=== Activity ===
Copy each line of the records exactly, stopping only after the line that contains "when are you" has been written, and leave pictures out.

==================================================

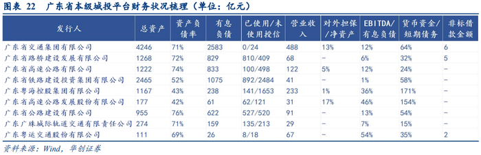 财务状况方面,广东省交通集团有限公司资产总额达到4246亿元,是广东省内规模最大的城投平台,但同时其资产负债率偏高(71%),有息负债存量大,授信额度相对不足,或较为依赖债务滚续融资。此外,资产规模超过千亿的城投平台还包括:广东省路桥建设发展有限公司、广东省高速公路有限公司、广东省铁路建设投资集团有限公司、广东粤海控股集团有限公司。其中,广东铁建和粤海控股资产负债率较低,可用授信额度较高,信用资质较好。
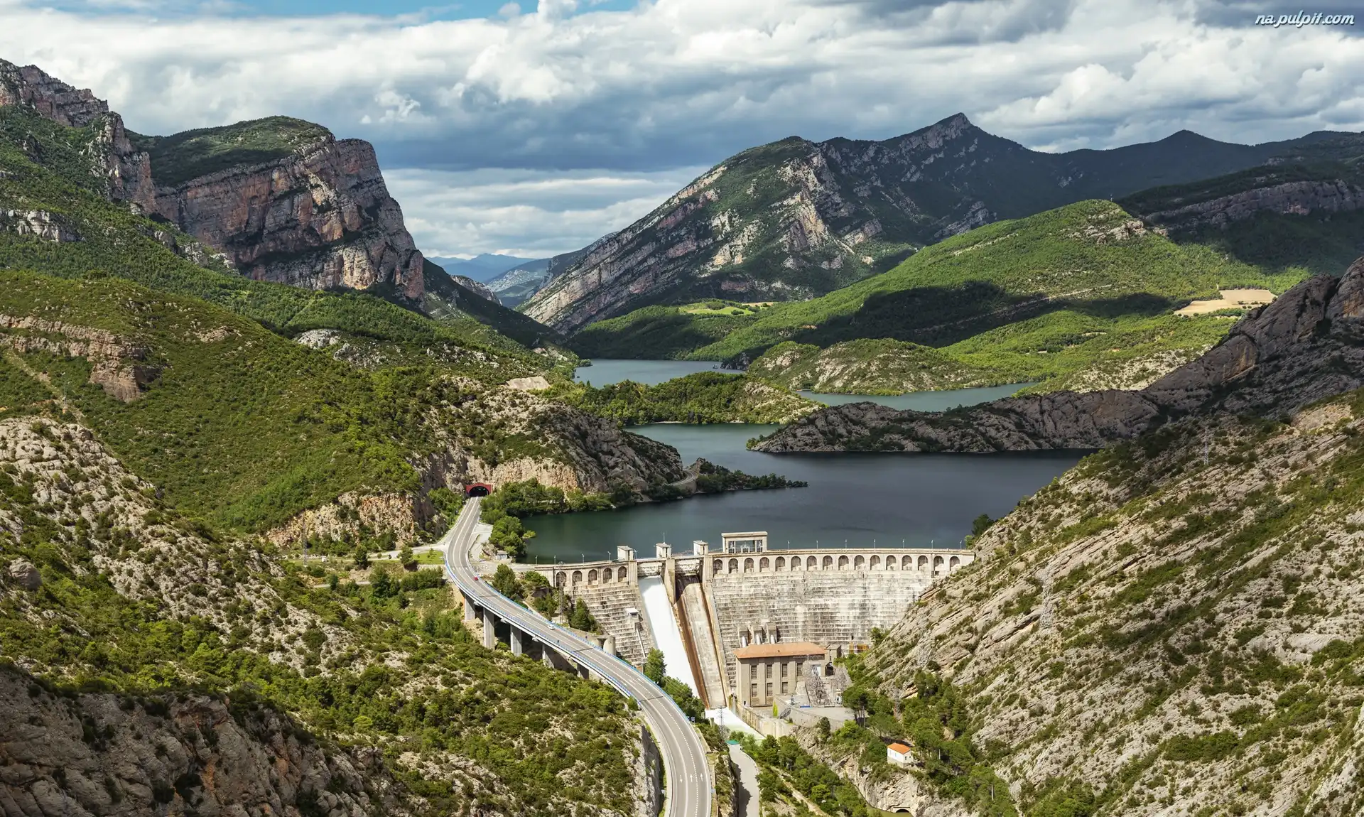 Prowincja Lleida, Most, Jeziora, Góry, Katalonia, Tama, Zapora, Chmury, Drzewa, Zapora, Zbiornik, Hiszpania, Embalse de Oliana Na Pulpit |
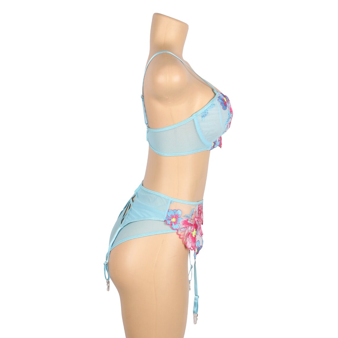 Conjunto de lencería con sujetador, liguero y braguita con bordados florales
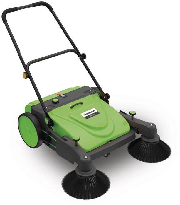 für Kehrgut aller Größen, von flach liegendem Papier bis hin zu Getränkedosen · höhenverstellbare, verschleißfeste Polyamid Kehrwalzen und Seitenbesen für unterschiedliche Bodenverhältnisse · zwei integrierte Kehrgutbehälter · Staubfilter · einklappbarer Griff
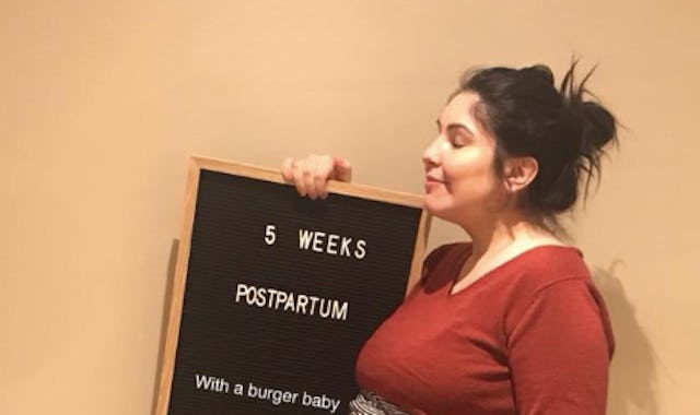 “So when are you due?” Mum on the Run blogger Laura Mazza wrote next to a picture with a sign that reads, “5 weeks postpartum with a burger baby.” “Not due for my period, not due for a poo, not due for the promotion… when am I due to have my baby? That’s what she meant,” she said.
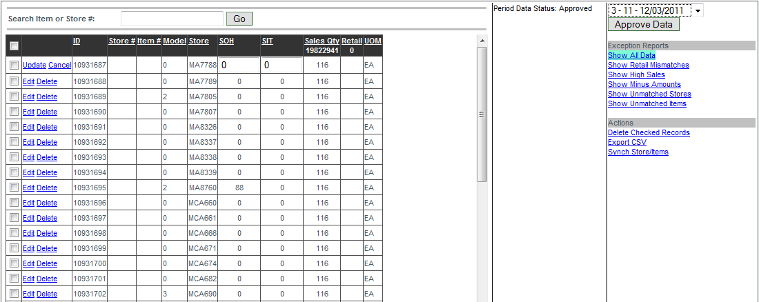 Show Unmatched Stores: This report shows any records containing a store number that does not match the store numbers associated with a retailer.
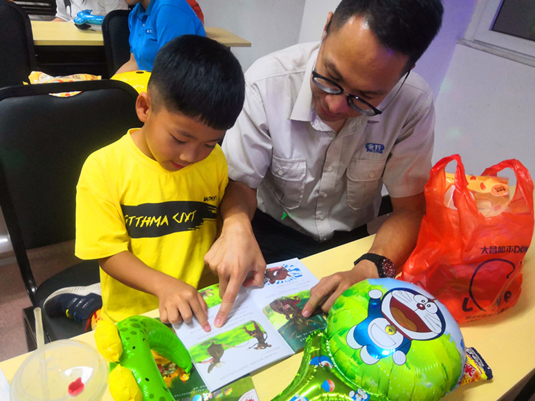 在集团二楼活动室,金羚集团精心准备了不同年龄段的儿童读物,孩子们在家长的陪伴下挑选两本喜爱的图书认真阅读,家长们指导孩子识记生字词,一方面引导孩子结伴阅读,提高孩子的阅读兴趣与综合能力,激发儿童的读书热情,营造良好的读书氛围;另一方面,家长与孩子在书籍中寻找快乐,厚植亲情,涵养良好家风,让书香陪伴孩子茁壮成长。
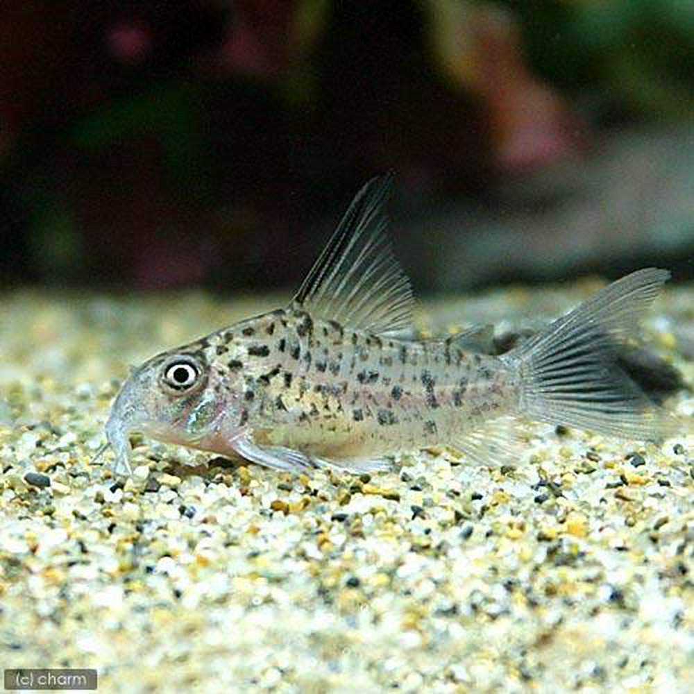 角ばった頭部と、体サイズの割に大きな目を持ち、体にはごま塩のようなスポットが入る愛らしいコリドラスです。

==================================================

=== Answer box ===
 财务状况方面,广东省交通集团有限公司资产总额达到4246亿元,是广东省内规模最大的城投平台,但同时其资产负债率偏高(71%),有息负债存量大,授信额度相对不足,或较为依赖债务滚续融资。此外,资产规模超过千亿的城投平台还包括:广东省路桥建设发展有限公司、广东省高速公路有限公司、广东省铁路建设投资集团有限公司、广东粤海控股集团有限公司。其中,广东铁建和粤海控股资产负债率较低,可用授信额度较高,信用资质较好。
 Prowincja Lleida, Most, Jeziora, Góry, Katalonia, Tama, Zapora, Chmury, Drzewa, Zapora, Zbiornik, Hiszpania, Embalse de Oliana Na Pulpit |
 Conjunto de lencería con sujetador, liguero y braguita con bordados florales
 für Kehrgut aller Größen, von flach liegendem Papier bis hin zu Getränkedosen · höhenverstellbare, verschleißfeste Polyamid Kehrwalzen und Seitenbesen für unterschiedliche Bodenverhältnisse · zwei integrierte Kehrgutbehälter · Staubfilter · einklappbarer Griff
 “So when are you due?” Mum on the Run blogger Laura Mazza wrote next to a picture with a sign that reads, “5 weeks postpartum with a burger baby.” “Not due for my period, not due for a poo, not due for the promotion… when am I due to have my baby? That’s what she meant,” she said.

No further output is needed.